# What's the difference?



## Serenity (9 Aug 2006)

Anyone have opinions on the benefits of a 4 bar suspension vs. single pivot vs. horst link?


----------



## Townsend (11 Aug 2006)

They all have differing amounts of syllables? </CluelessRoadie>


----------



## Serenity (11 Aug 2006)

Very good. I'm proud of you. Now tell me about the boing factor.


----------



## Townsend (11 Aug 2006)

Serenity said:


> Very good. I'm proud of you. Now tell me about the boing factor.



Must refer to the advances regarding aerodynamics made by the Boing Corporation during the development of air and space travel? Or perhaps it was Boeing...


----------



## Serenity (11 Aug 2006)

Well ya know that if Boeing had four bar, a lot of accidents would have been prevented...


----------



## Pottsy (7 Jul 2007)

But if Boeing had 4 bar technology I'd be drunk every time I flew.


----------



## Kirstie (9 Jul 2007)

I only know the difference between single pivot/linkage activated single pivot and the classic 4 bar design you used to get on the old Turner 5 spots. 

The essential difference is the vertical line through which the rear wheel travels. With a single pivot/linkage activated single pivot, the rear wheel moves in an arc around the pivot point (ie where the swingarm is attached to the frame). With a 4-bar, the rear wheel moves in a vertical line and doesn't arc around the frame. 

It's arguable that the 4bar system is better for climbing because the rear wheel doesn't tend to 'tuck under' the frame under pressure on lumpy climbs. It's also arguable that they're more stable in corners. This is definitely true when you compare it to a classic single pivot (eg like on a santa cruz/orange), but with a linkage activated (eg Ventana X5) you get comparable stability.

I don't know how the horst link works, nor could I explain virtual pivot points either!


----------



## spesh (9 Jul 2007)

Quoted from the FAQs at Competivecyclist.com,


> *What is a Horst Link?*
> The "Horst Link" is a term for a four-bar rear suspension which attaches the rear axle to the seatstay instead of the swingarm. Horst Leitner, the link's namesake, discovered that this design separates braking and pedaling forces from the rear suspension. Instead of chain tension and braking, causing "brake jack" or pedal "kick back", the Horst link allows the wheel to move freely in a vertical path. In fact, the Horst link will cycle up and down with the rear tire locked nearly as well as it will when it is rolling, because the axle is on the seatstay and the seatstay is "decoupled" from the suspension. A Horst link design is often referred to as a "fully active" system, meaning it's free to compress and rebound at all times, both when the rider is in the saddle and standing up. Not only is the suspension independent from chain forces under pedaling loads, but it allows you to maintain an efficient pedal stroke since the suspension action has no effect on it.
> 
> *What is VPP?*
> Take a look at the swingarm of a VPP frame like the Intense and note the dual pivot coupling at its main pivot point.

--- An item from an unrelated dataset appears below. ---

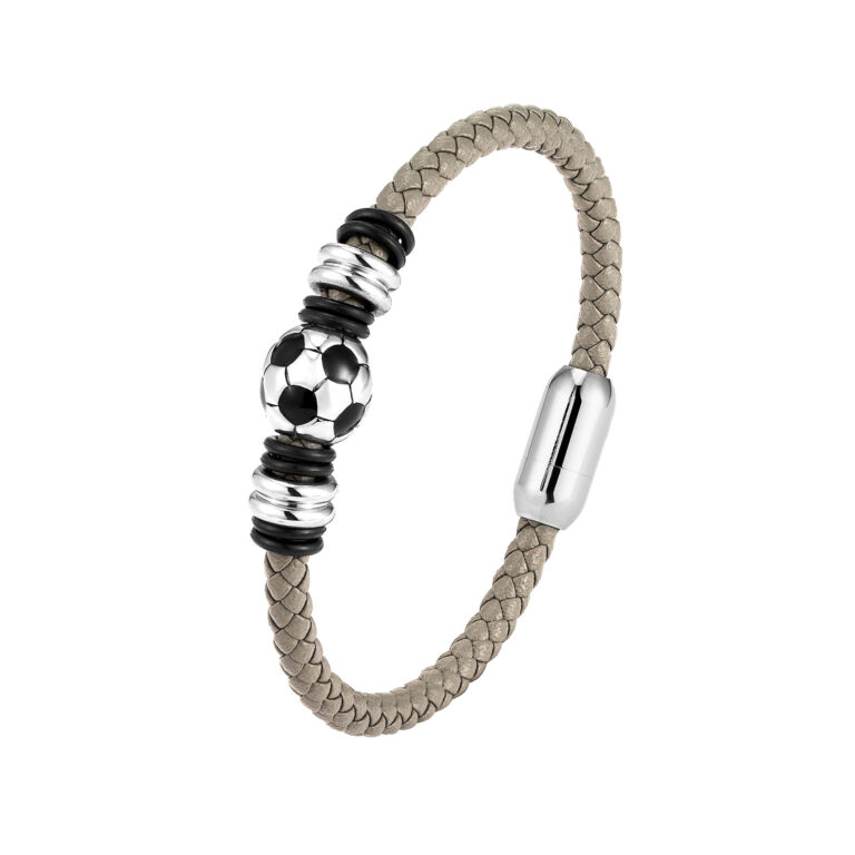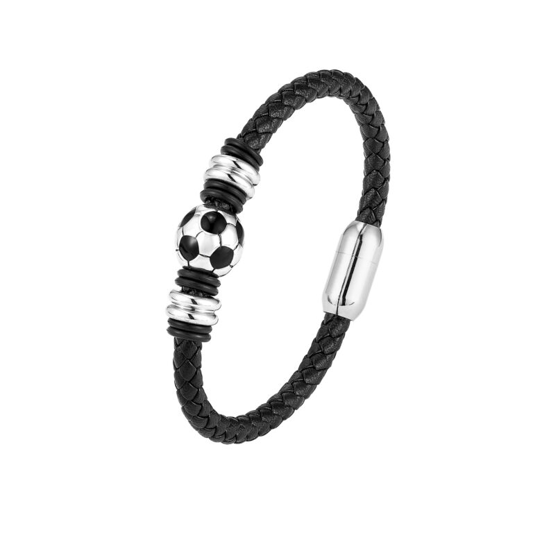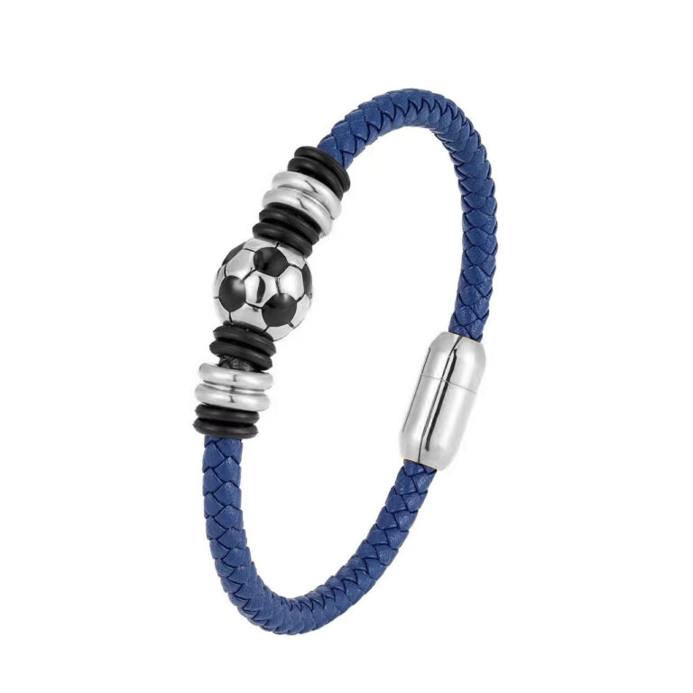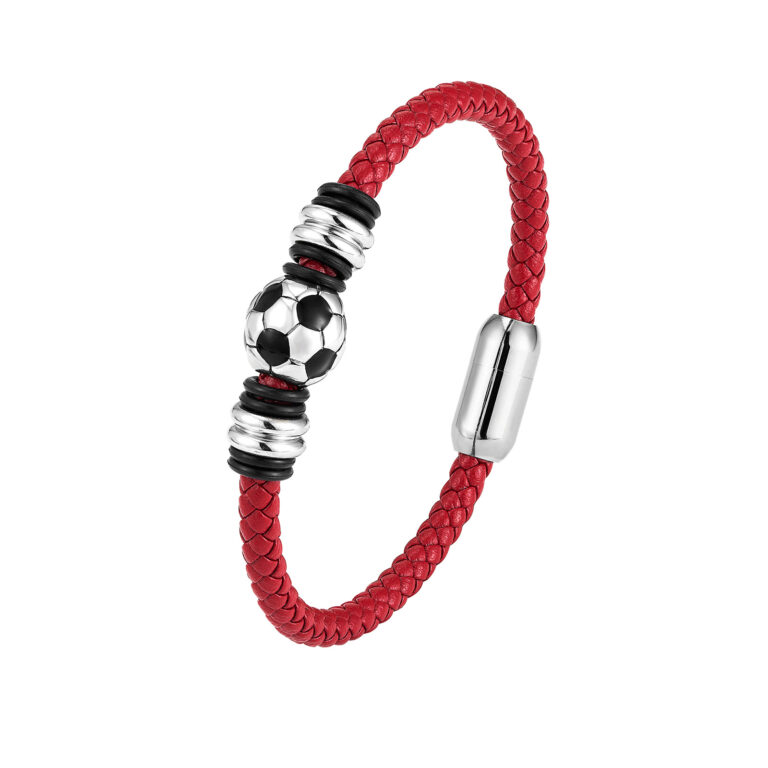 Men’s Stainless Steel Leather Bracelet Sports Style World Cup Soccer Woven Leather Rope Bangle with magnetic clasp available in Black/Blue/Gray/Red leather colors

This coupling allows the two adjoining pivots to rotate around each other as the suspension compresses, which causes the rear axle to follow a backwards S-path distinctly dissimilar to the vertical path taken by a traditional 4-bar linkage. This helps give a VPP bike the same level of "activeness" as a 4-bar, but it does so while causing pedaling forces to drive the rear wheel downward rather than up. On most full suspension designs, pedaling forces result in unwanted suspension compression. The VPP's link configuration and axle path counteract this tendency towards compression without limiting or deterring bump absorption. Provided that you take the time to calibrate your sag, a VPP bike provides truly active suspension, meaning the suspension compresses and extends with rises and dips in the trail. You'll ride in a suspended "pocket" with ample positive and negative travel available to maintain traction and momentum in all trail conditions, even while pedaling.


----------



## Peyote (9 Jul 2007)

I think the Horst-link design is one variation on the whole four-bar design, anyway as someone has already said, the four-bar design is more active and attempts to minimise chain growth and 'kickback'. As far as I can tell in most cases it works and four-bars do tend to pedal better than single pivots.

However, single pivots are simpler: there's less to go wrong and because they tend to have fewer pivots they are also generally stiffer. In addition some of the more prominent proponents of single pivots claim that you 'feel' more of the trail through such a design. But then I've heard people say similar things about fixed, singlespeed and fully rigid MTBs too!

Of course the design of the frame isn't the only important factor, shock choice can change the characteristics of a bike considerably. There are so many variations around that I can't do them all justice in this post (without boring people silly!). Suffice to say that air shocks/coil shocks, platform valving and the myriad of rebound adjustments, positive and negative chambers etc. all add something different to the bike. That's before you get into the 26"/29", tyre choice and tubeless debates!

It's a fascinating area if you're a bit of a tech. geek!


----------